Data extracted from a collection:
──────
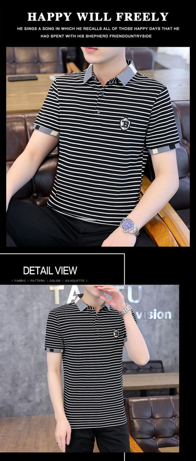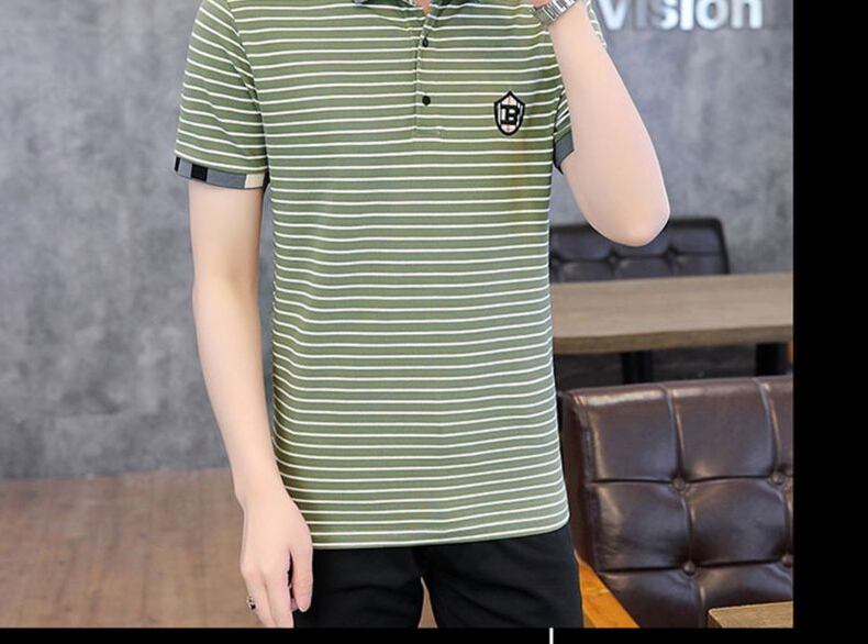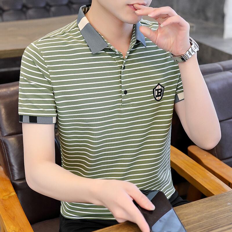 Summer short-sleeved t-shirt men's collared polo shirt lapel polo shirt business sea soul striped tide brand cotton half-sleeve レッド コットン サマー 夏物 ストライプ Tシャツ doushi47825230102
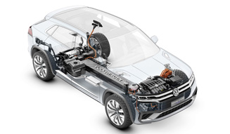 「GTE」とはこれまでゴルフやパサートでプラグインハイブリッドモデルに用いられてきたサブネームである。22インチの大径ホイールが目立つ5人乗り4ドアの大柄な車体が目を惹くクロスクーペGTEも同様。3.6リッターV6ガソリンエンジンに電気モーターを組み合わせたパワートレインを搭載したプラグインハイブリッドだ。
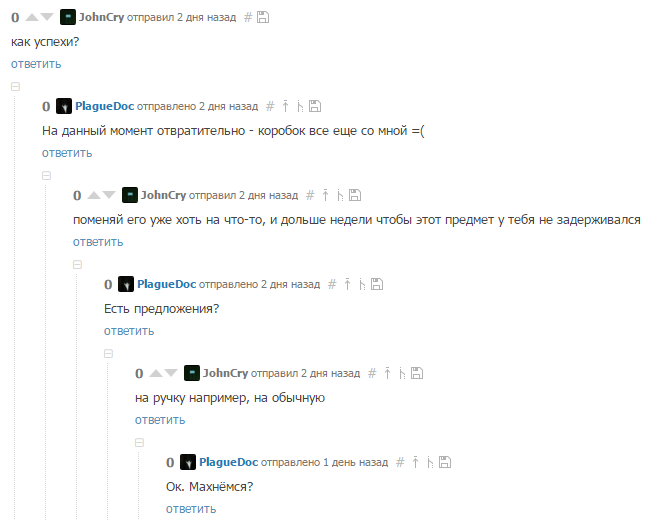 Долгие-долгие 30 с лишним дней я ни с кем так и не мог поменяться этим коробком, людям на улице было не интересно - меня обходили как человека со странностями, авито мое объявление успешно заблокировало, и энтузиазм постепенно пропадал. Хотел уже извиниться перед подписчиками, что продолжение эксперимента все никак не идет, как тут...
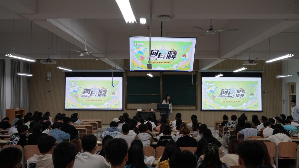 在2025年国家公务员考试即将到来之际,为给电信青年提供专业的备考指导,帮助他们更好地备战考试,提升学院应届毕业生的应考能力,PP电子游戏平台网站特邀华图教育公考培训教师,于10月16日在1203教室以“筑梦公考,启航未来”为主题举办了2025年国家公务员考试公告解读公开课暨考试技巧与策略分享讲座。
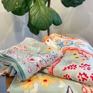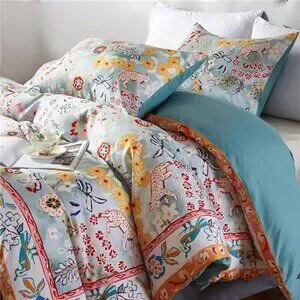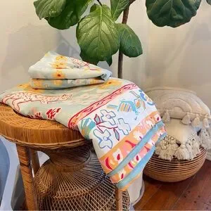 NEW Anthro Blue Jungle Multicolor Boho Queen / King Bedding Duvet & Sham Case
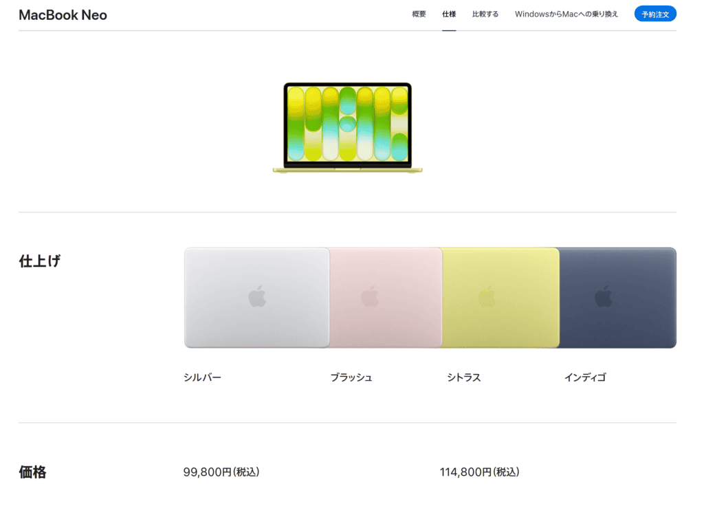 MacBook Neoは2026年3月にAppleが発表した新モデルです。
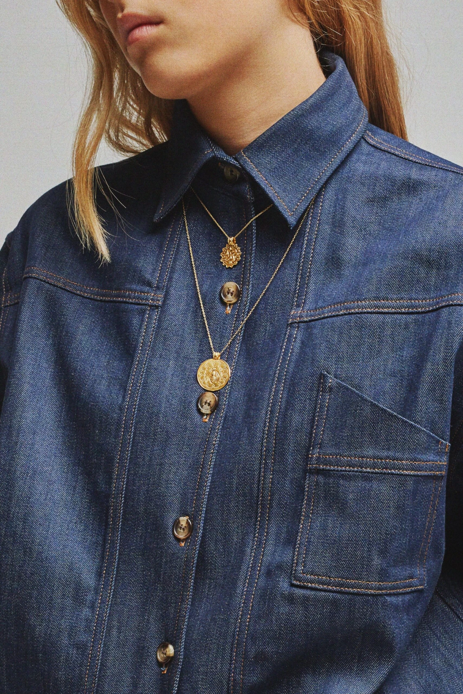 DOMITILLE 2 est un pendentif rond en vermeil décoré d’une hirondelle. Les motifs à l’intérieur de la médaille sont gravés par martelage.
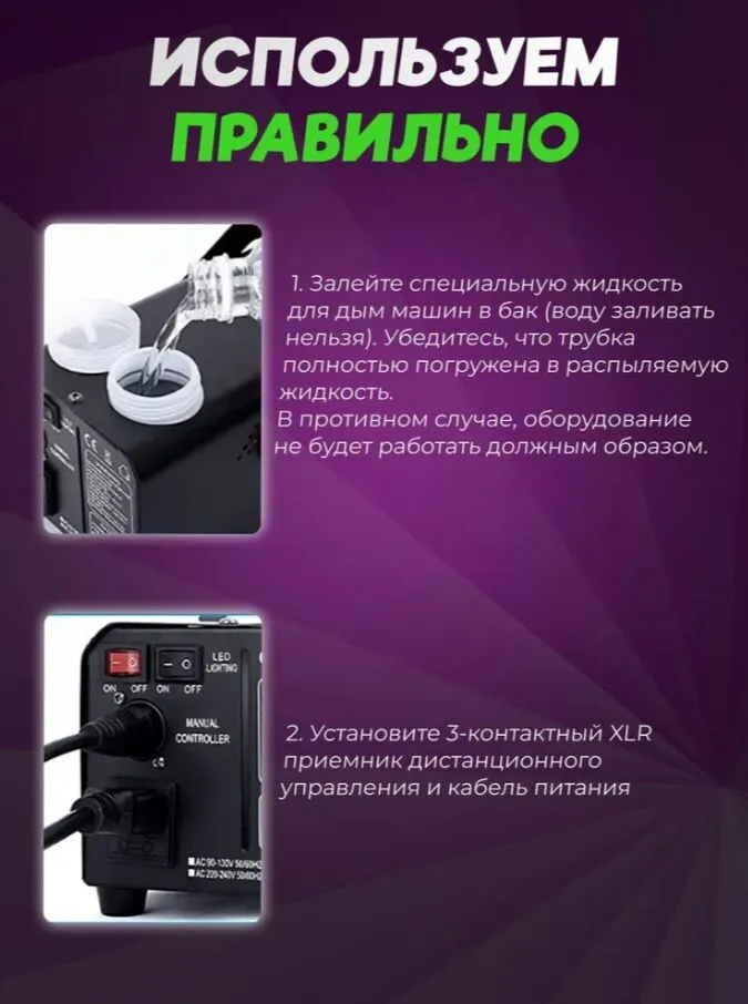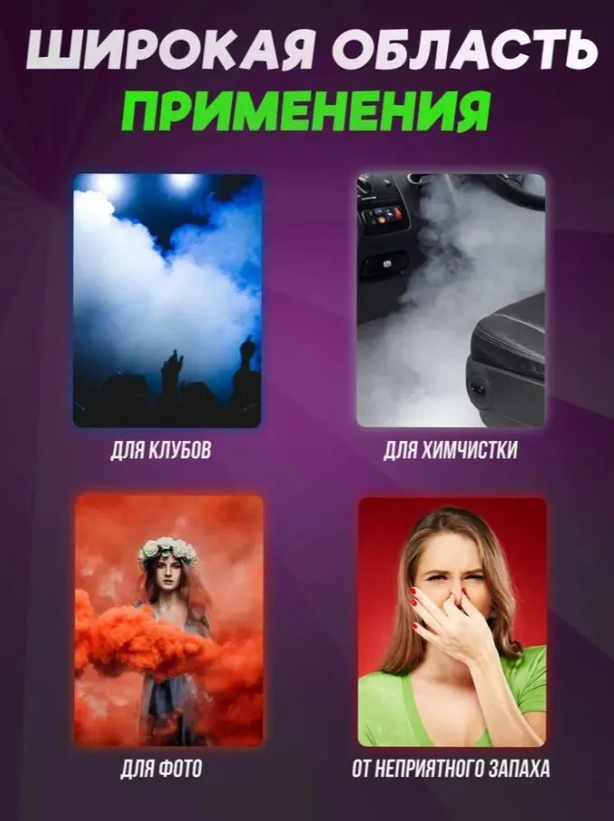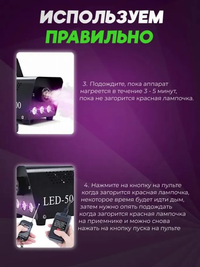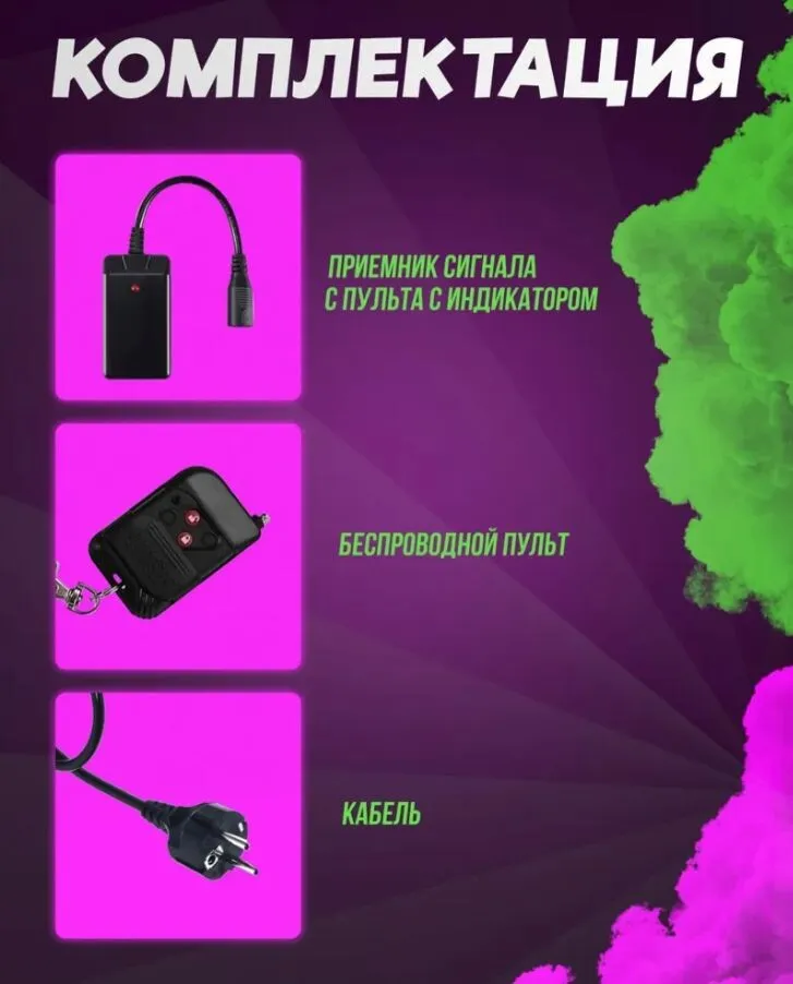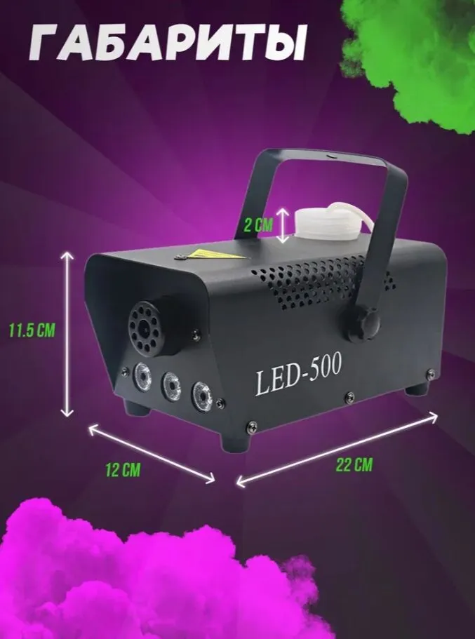 Идеально подходит для домашних вечеринок, фотосессий, театральных представлений и небольших шоу. С ее помощью вы сможете добавить яркие акценты к любому событию. Легкий и портативный дизайн позволяет легко транспортировать дым-машину, а ее надежная конструкция гарантирует долгий срок службы. Превратите ваше мероприятие в незабываемое событие с помощью этой дым-машины!
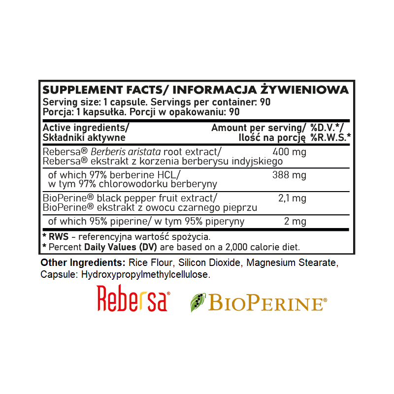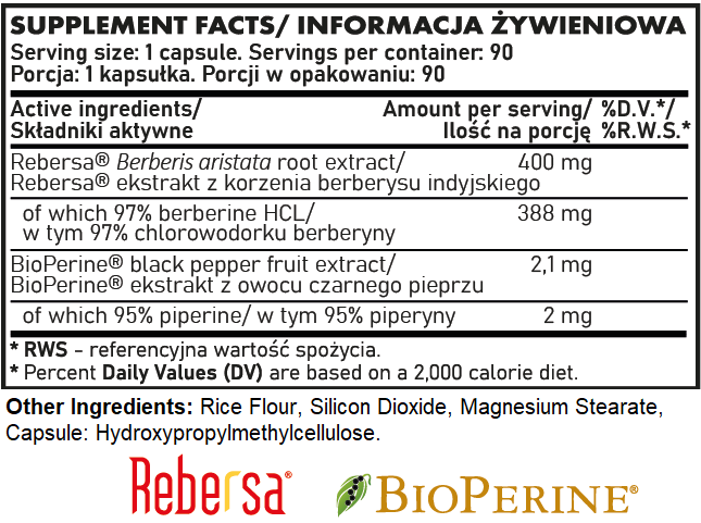Składniki: Rebersa® ekstrakt z korzenia berberysu indyjskiego (Berberis aristata) w tym 97% chlorowodorku berberyny, substancja wypełniająca: mąka ryżowa, substancje przeciwzbrylające: dwutlenek krzemu, stearynian magnezu, kapsułka: hydroksypropylometyloceluloza, BioPerine® ekstrakt z owocu czarnego pieprzu (Piper nigrum L.) w tym 95% piperyny. |
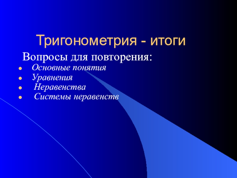 Тригонометрия - итогиВопросы для повторения:  Основные понятия  Уравнения   Неравенства   Системы неравенств
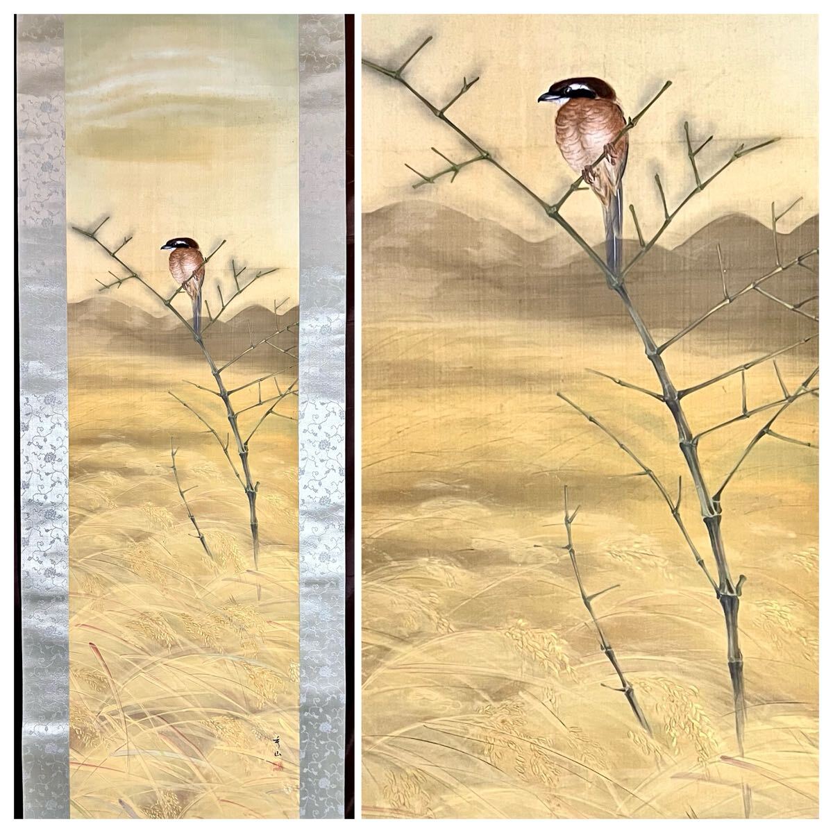 【真作】【S8】吉川秀山「稲穂百舌之図」絹本 肉筆 合箱 秋景 花鳥図 鳥獣 もず 絵画 掛軸 明治-昭和時代の日本画家 長野 諏訪の人
──────
TRY IT =
In the transcription, every picture is to be excluded and the records above given again exactly.

SOLUTION TO THIS EXERCISE =
 Summer short-sleeved t-shirt men's collared polo shirt lapel polo shirt business sea soul striped tide brand cotton half-sleeve レッド コットン サマー 夏物 ストライプ Tシャツ doushi47825230102
 「GTE」とはこれまでゴルフやパサートでプラグインハイブリッドモデルに用いられてきたサブネームである。22インチの大径ホイールが目立つ5人乗り4ドアの大柄な車体が目を惹くクロスクーペGTEも同様。3.6リッターV6ガソリンエンジンに電気モーターを組み合わせたパワートレインを搭載したプラグインハイブリッドだ。
 Долгие-долгие 30 с лишним дней я ни с кем так и не мог поменяться этим коробком, людям на улице было не интересно - меня обходили как человека со странностями, авито мое объявление успешно заблокировало, и энтузиазм постепенно пропадал. Хотел уже извиниться перед подписчиками, что продолжение эксперимента все никак не идет, как тут...
 在2025年国家公务员考试即将到来之际,为给电信青年提供专业的备考指导,帮助他们更好地备战考试,提升学院应届毕业生的应考能力,PP电子游戏平台网站特邀华图教育公考培训教师,于10月16日在1203教室以“筑梦公考,启航未来”为主题举办了2025年国家公务员考试公告解读公开课暨考试技巧与策略分享讲座。
 NEW Anthro Blue Jungle Multicolor Boho Queen / King Bedding Duvet & Sham Case
 MacBook Neoは2026年3月にAppleが発表した新モデルです。
 DOMITILLE 2 est un pendentif rond en vermeil décoré d’une hirondelle. Les motifs à l’intérieur de la médaille sont gravés par martelage.
 Идеально подходит для домашних вечеринок, фотосессий, театральных представлений и небольших шоу. С ее помощью вы сможете добавить яркие акценты к любому событию. Легкий и портативный дизайн позволяет легко транспортировать дым-машину, а ее надежная конструкция гарантирует долгий срок службы. Превратите ваше мероприятие в незабываемое событие с помощью этой дым-машины!
Składniki: Rebersa® ekstrakt z korzenia berberysu indyjskiego (Berberis aristata) w tym 97% chlorowodorku berberyny, substancja wypełniająca: mąka ryżowa, substancje przeciwzbrylające: dwutlenek krzemu, stearynian magnezu, kapsułka: hydroksypropylometyloceluloza, BioPerine® ekstrakt z owocu czarnego pieprzu (Piper nigrum L.) w tym 95% piperyny. |
 Тригонометрия - итогиВопросы для повторения:  Основные понятия  Уравнения   Неравенства   Системы неравенств
 【真作】【S8】吉川秀山「稲穂百舌之図」絹本 肉筆 合箱 秋景 花鳥図 鳥獣 もず 絵画 掛軸 明治-昭和時代の日本画家 長野 諏訪の人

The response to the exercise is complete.